Hagia Sofia in Istanbul

Ruling Disy on Friday said it has tabled in parliament a draft resolution condemning the Turkish government’s plans to turn Hagia Sophia to a mosque.

The resolution points out that Hagia Sophia remains an ecumenical symbol of religious worship but also world cultural heritage monument that belongs to all of humanity.

The church is a valuable historical monument that reflects the rich and long history of Istanbul, the party said, and “is one of the largest monuments of Christian culture and a symbol of the Orthodox Christian world.”

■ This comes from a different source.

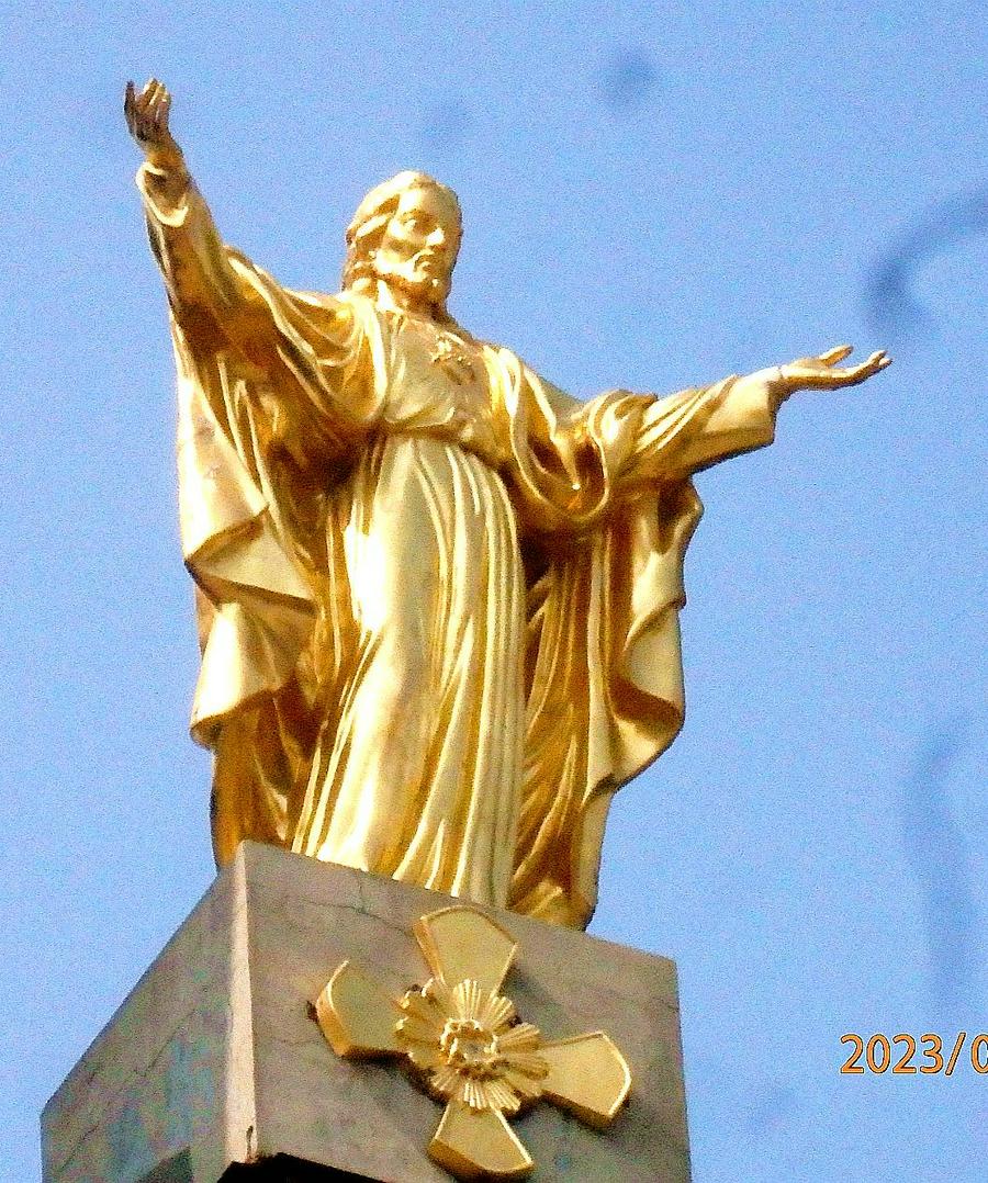 教堂最上方两座尖顶建筑正中央是金碧辉煌的主耶稣基督的雕像,蓝色的天空中,雕像站在金色的十字架上,举起慈爱的手面向世界、面向世人,居高临下、栩栩如生,体现了主耶稣基督的救恩、祝福和圣子真神的尊严。

It also points out that it has been on the Unesco list of World Heritage Sites as a museum since 1985 and that the European Parliament, in a resolution in March 2019,  expressed its opposition to any moves to convert the monument into a mosque.

The resolution condemns the announced intention of the Turkish government to change the current status of Hagia Sophia, which will fuel tension in the region “and provokes the feelings not only of Christians but also of those who believed and believe in freedom and peace.”

It also expresses its deep concern over the subsequent interventions in the monument that will result in the destruction of important historical and archaeological data.

It calls on the Turkish government to fully respect and fulfil its legal obligations to protect the character of Hagia Sophia as a World Heritage Site and on the institutions of the EU, UN and Unesco “to exert effective pressure on the Turkish government to preserve the current status of Hagia Sophia.”

The decision on whether the sixth-century former church will be turned into a mosque is expected to be announced by a Turkish court on Friday.

At issue is the legality of a decision taken in 1934 under Mustafa Kemal Ataturk, to turn the ancient building into a museum.

Turkish President Recep Tayyip Erdogan has proposed restoring the mosque status of the church, which was central to both the Christian Byzantine and Muslim Ottoman empires and is now one of the most visited monuments in Turkey.

The expressed intention of the Turkish government has stirred strong reactions among orthodox Christians around the globe while Greece and the US called on Turkey to reconsider.